Compared to the conventional physiotherapy we are accustomed to, AI physiotherapy offers numerous advantages. This is particularly true for individuals with long-term pain or injuries that necessitate regular home exercise following a recommended home exercise regimen in addition to frequent medical interventions. In these situations, AI physical therapy can assist shorten treatment durations, improve the precision and coherence of treatment regimens, and ensure that human error never occur again.

AI-guided at-home workouts can offer therapy that is comparable to, or superior to, having a physical therapist come to your house and demonstrate the proper movements. Exercises from musculoskeletal physical therapy are essential for MSK healing and rehabilitation. As a result, real-time feedback and remedial coaching improves the patient’s and therapist’s adherence to online physiotherapy exercises and significantly boosts the effectiveness of remote physical treatment.
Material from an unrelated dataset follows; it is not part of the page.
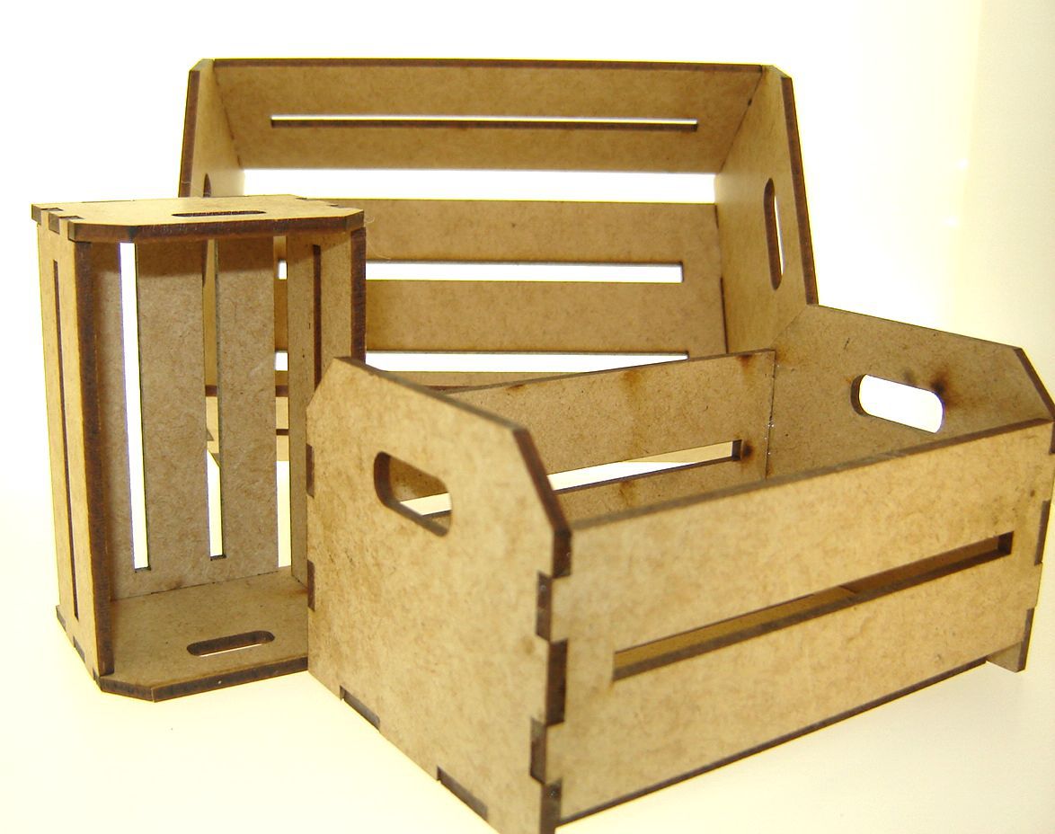 Trio de caixote de feira em miniatura para arranjos e enfeites de centro de mesa ou mesa de festa.

AI physiotherapy can be utilised as a preventative measure for injuries or as a support during recovery because it is available around-the clock. Patients find it easier to maintain their workout regimen whenever they have time because it is essentially a 24/7 on-demand service. Appointments can be arranged flexibly since therapy is modified in response to patient progress, which is tracked via remote technology. Patients who struggle to make appointments won’t ever feel as though they are skipping out on treatment.

AI-based remote physical therapy not only tracks progress and offers real-time corrective feedback, but also makes it easy for patients to communicate with their therapist whenever it is convenient for them. Additionally, it offers quantitative measurement of their real progress and a consistent, dependable interface when the therapist is not physically there. This indicates that the patient has a sense of complete inclusion in their healing process and is able to readily communicate pertinent information to their physicians, family, and other healthcare providers as needed.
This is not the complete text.